● Goal of the exercise
For this task, output exactly the lines of the material below starting at the line with "女の子刺繍靴ベルベット綿靴子供漢服靴中国風雪地靴女の子民族風古着靴" and ending at the line with "美國(guó)佐治亞州警方當"; pictures are to be excluded.

┏━━

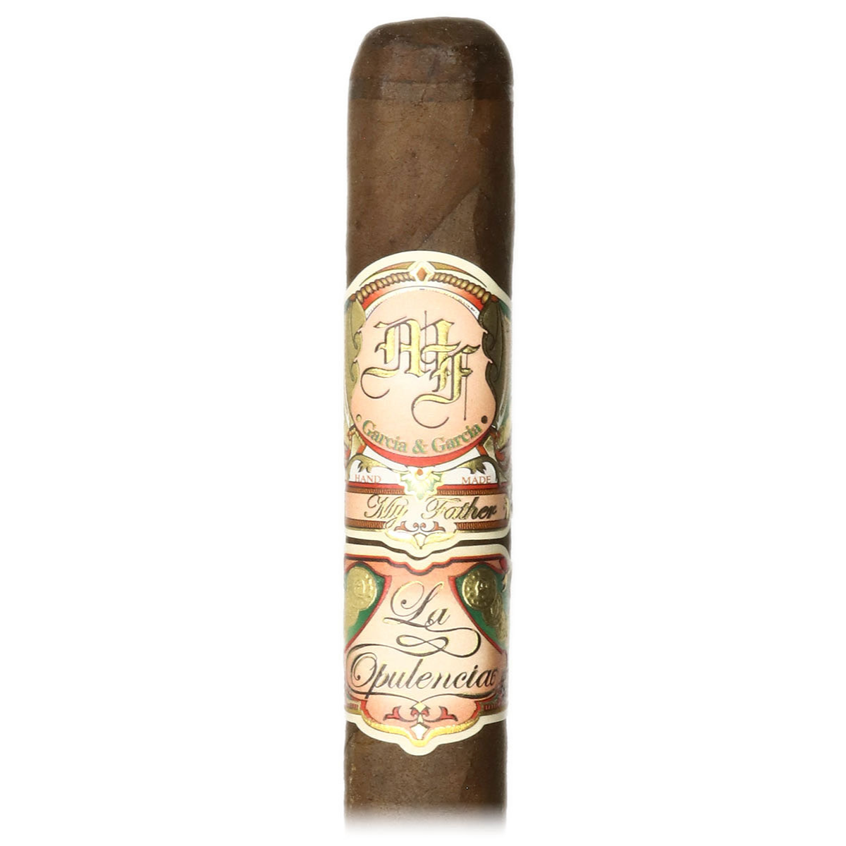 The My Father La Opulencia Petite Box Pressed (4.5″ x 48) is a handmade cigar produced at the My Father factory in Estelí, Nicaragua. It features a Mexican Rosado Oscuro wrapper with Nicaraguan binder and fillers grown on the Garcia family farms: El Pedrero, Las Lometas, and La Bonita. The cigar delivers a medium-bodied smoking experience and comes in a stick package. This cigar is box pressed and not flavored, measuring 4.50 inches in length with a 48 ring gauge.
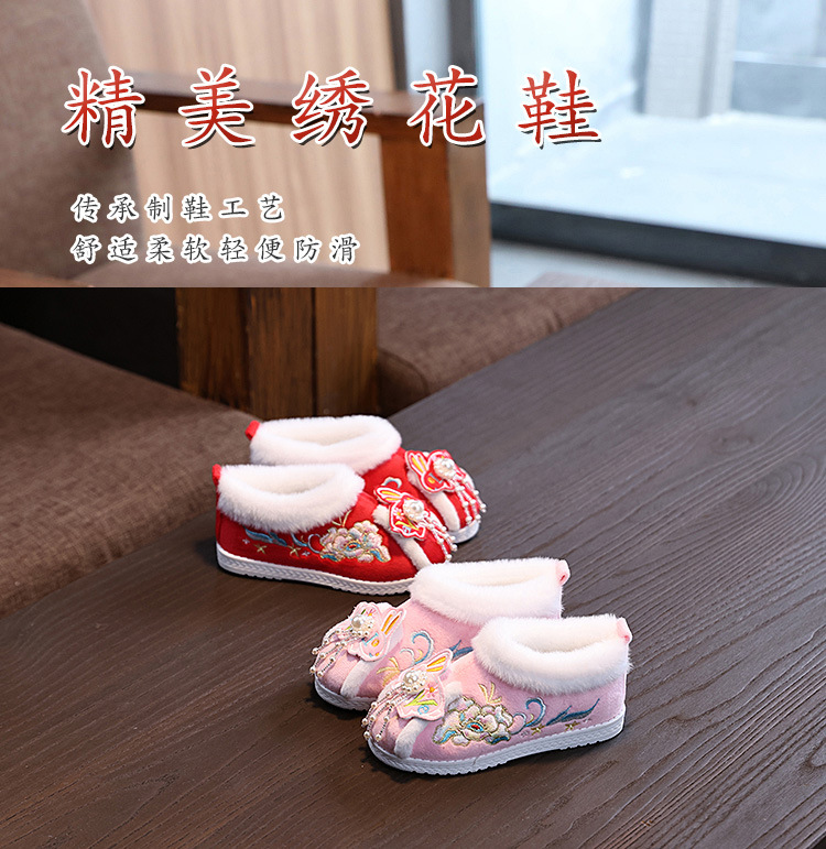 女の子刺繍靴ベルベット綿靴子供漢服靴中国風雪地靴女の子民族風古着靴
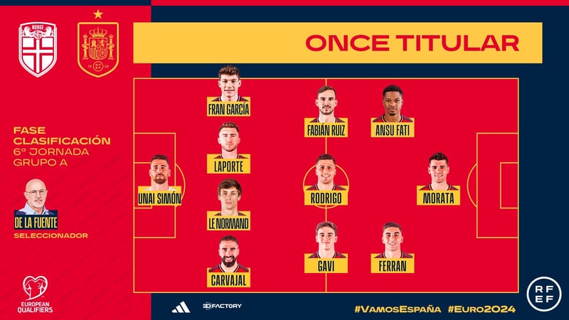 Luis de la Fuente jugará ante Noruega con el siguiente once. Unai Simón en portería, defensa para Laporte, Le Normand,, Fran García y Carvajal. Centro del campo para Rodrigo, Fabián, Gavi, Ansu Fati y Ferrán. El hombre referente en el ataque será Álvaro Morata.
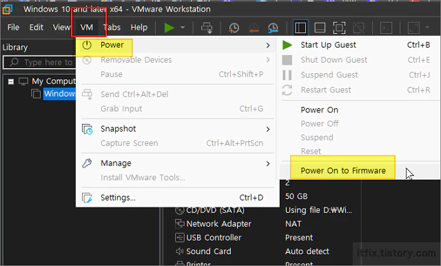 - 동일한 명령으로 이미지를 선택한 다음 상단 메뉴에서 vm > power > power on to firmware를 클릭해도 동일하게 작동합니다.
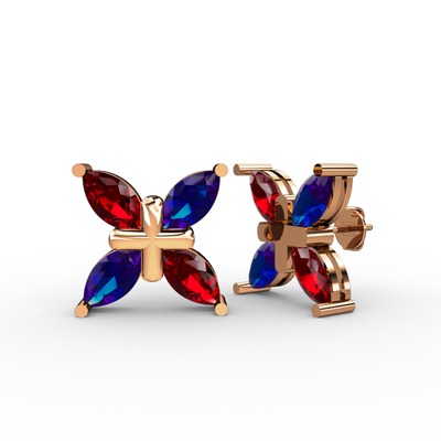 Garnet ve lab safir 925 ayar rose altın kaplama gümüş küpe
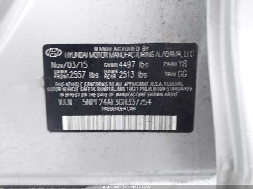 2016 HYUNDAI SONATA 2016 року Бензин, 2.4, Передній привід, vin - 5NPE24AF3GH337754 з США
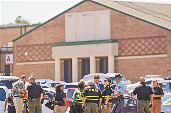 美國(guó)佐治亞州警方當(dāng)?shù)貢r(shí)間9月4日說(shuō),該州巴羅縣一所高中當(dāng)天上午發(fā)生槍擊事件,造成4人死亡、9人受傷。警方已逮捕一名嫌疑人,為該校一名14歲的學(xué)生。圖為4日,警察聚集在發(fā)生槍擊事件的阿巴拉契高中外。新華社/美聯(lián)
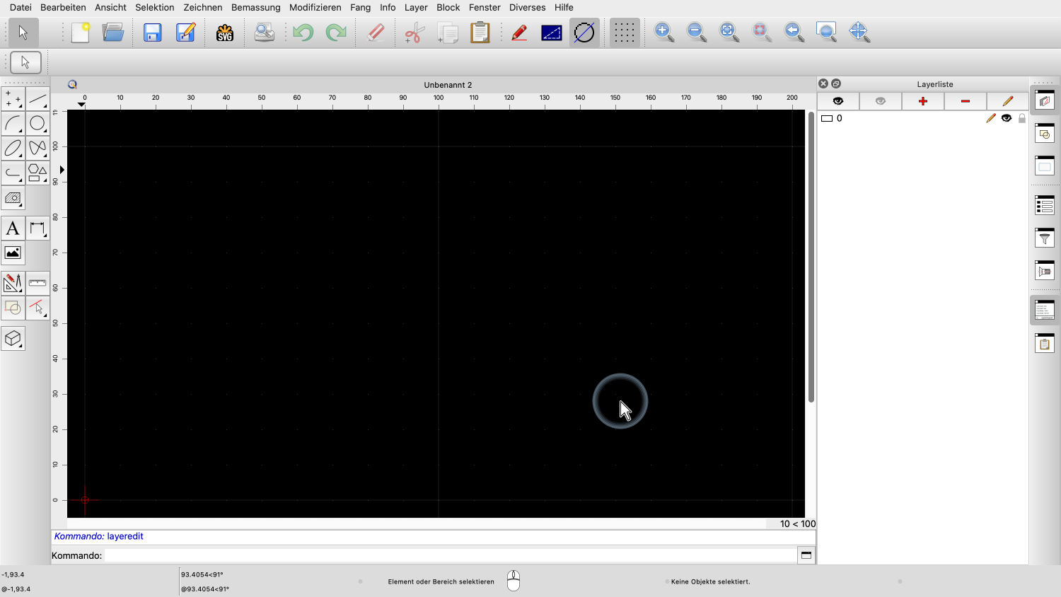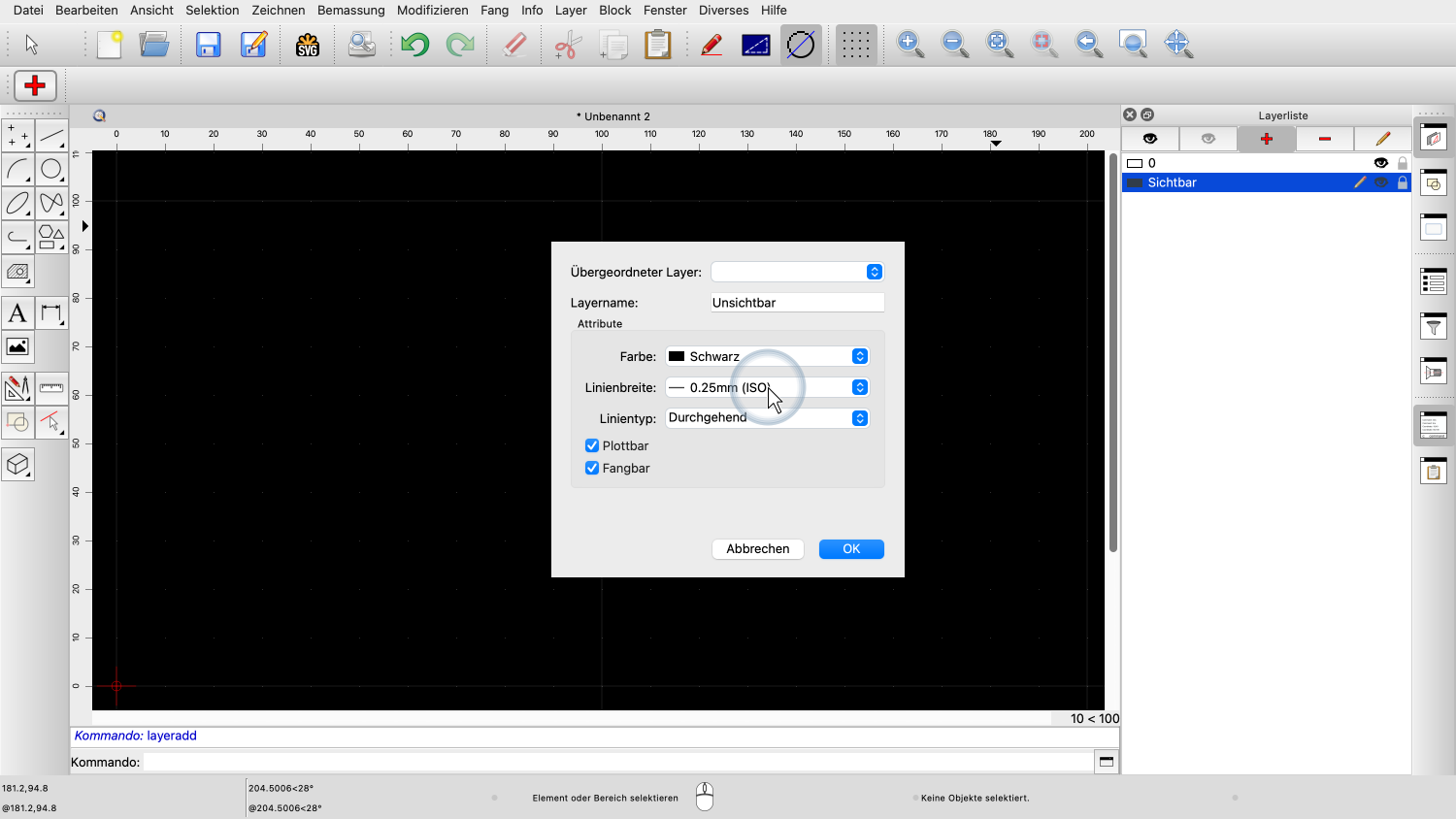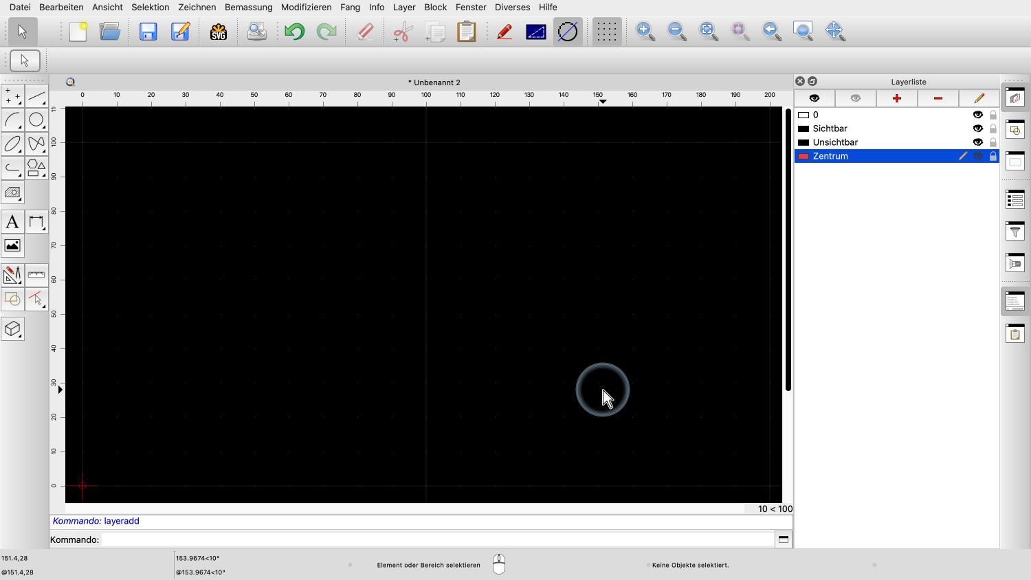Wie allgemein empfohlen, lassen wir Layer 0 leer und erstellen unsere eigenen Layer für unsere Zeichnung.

┗━━

● Response area
 女の子刺繍靴ベルベット綿靴子供漢服靴中国風雪地靴女の子民族風古着靴
 Luis de la Fuente jugará ante Noruega con el siguiente once. Unai Simón en portería, defensa para Laporte, Le Normand,, Fran García y Carvajal. Centro del campo para Rodrigo, Fabián, Gavi, Ansu Fati y Ferrán. El hombre referente en el ataque será Álvaro Morata.
 - 동일한 명령으로 이미지를 선택한 다음 상단 메뉴에서 vm > power > power on to firmware를 클릭해도 동일하게 작동합니다.
 Garnet ve lab safir 925 ayar rose altın kaplama gümüş küpe
 2016 HYUNDAI SONATA 2016 року Бензин, 2.4, Передній привід, vin - 5NPE24AF3GH337754 з США
 美國(guó)佐治亞州警方當(dāng)?shù)貢r(shí)間9月4日說(shuō),該州巴羅縣一所高中當(dāng)天上午發(fā)生槍擊事件,造成4人死亡、9人受傷。警方已逮捕一名嫌疑人,為該校一名14歲的學(xué)生。圖為4日,警察聚集在發(fā)生槍擊事件的阿巴拉契高中外。新華社/美聯(lián)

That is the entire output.